Due to the narrow roadway and poor working environment, underground mines pose a threat to the safety of vehicle drivers. The realization of automatic driving of underground mine vehicles can improve mining automation and intelligence and ensure safety of workers, and it can significantly increase mining and exploitation efficiency. Automatic driving of underground mining vehicles requires the technologies of location, communication, navigation, and path following control. Automatic driving of mining vehicles is the ultimate approach of autonomous navigation and auto driving, while path following control system is one of the core technologies of the autopilot system. The path following control system is a multi-variable, multi-constraint system. There are optimization problems under multiple constraints as well as challenges such as actuator saturation during the control process. To solve the above problems, a model predictive control method was introduced in this paper. By considering the relationship between the position and situation of the vehicle, the objective function of the predictive control was optimized by minimizing the lateral deviation of the following path and the heading angle deviation of the vehicle. Therefore, the optimal controls of vehicle speed and articulation angle were obtained, and the problem of multi-variable and multi-constraint system was solved. For the tracking overshoot problem caused by the inability of determining sudden changes of road curvature in the model predictive control strategy, a control method based on preview distance was proposed; thus, the vehicle path following control accuracy and stability was improved through the advance judgment of road mutation information. Matlab/Adams simulation software was used to perform a comparison simulation test.
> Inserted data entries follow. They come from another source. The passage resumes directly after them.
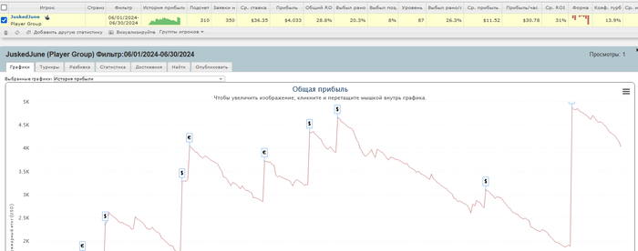 Во второй половине месяца вроде оклемался, желание катать стало постепенно возвращаться. После фриза на гг, основным румом по загрузке стал Winamax. Не очень импонирует, чтобы все турниры проходят в 6max формате, поэтому пришлось сократить пик одновременно играемых столов до 7. Пока результаты оставляют желать лучшего + накладывается отпечаток большого процента играемых турбин, относительно других румов, но думаю что на дистанции график должен выправиться. Помнится в своё время я так же сетовал на Redstar, а теперь это рум с самым плавным графиком в 30 градусов после 2000 турниров.
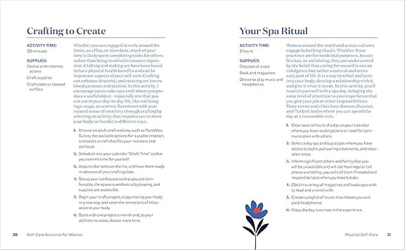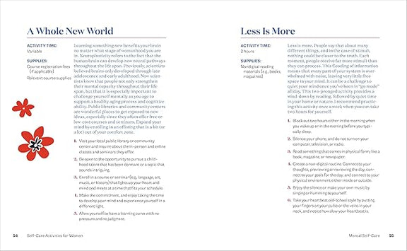A daily dose of self-care anytime you need it Doing small things to prioritize your own well-being is essential, especially for women, who are often the caretakers of everyone else in their lives. Self-Care Activities for Women encourages you to spend time on you, with a variety of simple ways you can relax, reset, and find a little joy. Take time for you— Learn 101 ways to practice self-care, from making a joy playlist to taking a mindful walk or cooking a healthy meal to share with friends. Self-care inside and out—Take care of yourself in every way, with specific chapters for emotional, mental, physical, social, and professional self-care. Short and simple activities—These exercises are easy to do and require minimal materials—so you can always find one to dive into, no matter where you are or how much time you have. Pick up this self-care book for women today and create a healthy habit of checking in with yourself!
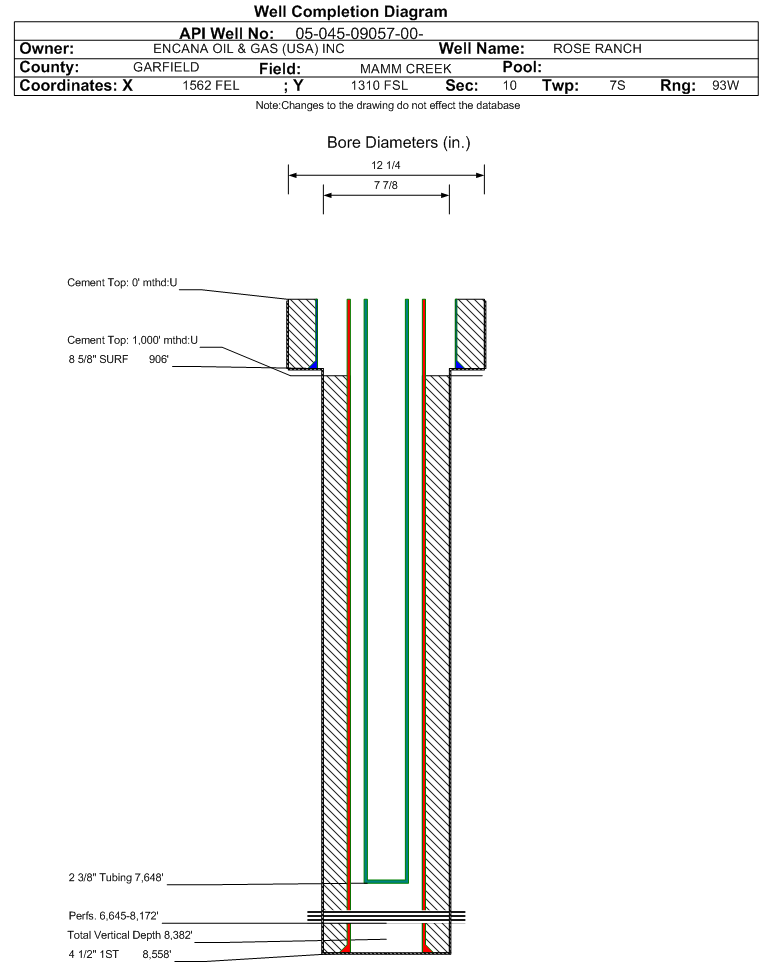 | Wellbore Completed | | Completion Date: | 7/24/2003 | | Spud Date: | 3/20/2003 | Spud Date Is: | ACTUAL | | Measured TD: | 8560 ft. | Measured PB depth: | 8385 ft. | | True Vertical TD: | 8382 ft. | True Vertical PB depth: | | | Top PZ Location: | Sec:10 Twp: | Footage: 12 FSL 1570 FEL | | Bottom Hole Location: | Sec:10 Twp: | Footage: 10 FSL 1300 FEL | | Log Types: | CBL/GR/CCL, RST/GR/CCL | | Casing: | String Type: SURF, Hole Size: 12.25 in., Size: 8.625 in., Top: 0 ft., Depth: 906 ft., Weight: 24 , Citings Type: ACTUAL | | Cement: | Sacks: 475, Top: 0 ft., Bottom: 906 ft., Determination Method: CALC | | Casing: | String Type: 1ST, Hole Size: 7.875 in., Size: 4.5 in., Top: 0 ft., Depth: 8558 ft., Weight: 11.6 , Citings Type: ACTUAL | | Cement: | Sacks: 1255, Top: 1000 ft., Bottom: 8558 ft., Determination Method: CALC | | Formation | Interval Top | Log Bottom | Cored | DSTs | | WASATCH | 0 ft. | 5998 ft. | N | N | | WILLIAMS FORK | 5999 ft. | 8560 ft. | N | N |

The results show that the model predictive following controller is capable of solving the control problem in multi-variable, multi-constrained system and effectively prevent the actuator saturation. Moreover, the model predictive following control strategy based on the preview distance keeps the horizontal deviation of the vehicle within ±0.04 m and the heading angle deviation within ±1.8°. Compared with the controller before improvement, the lateral position deviation is reduced by 80.9%, and the heading angle deviation is reduced by 59.1%; this proves that the improved controller has better lateral stability and accuracy.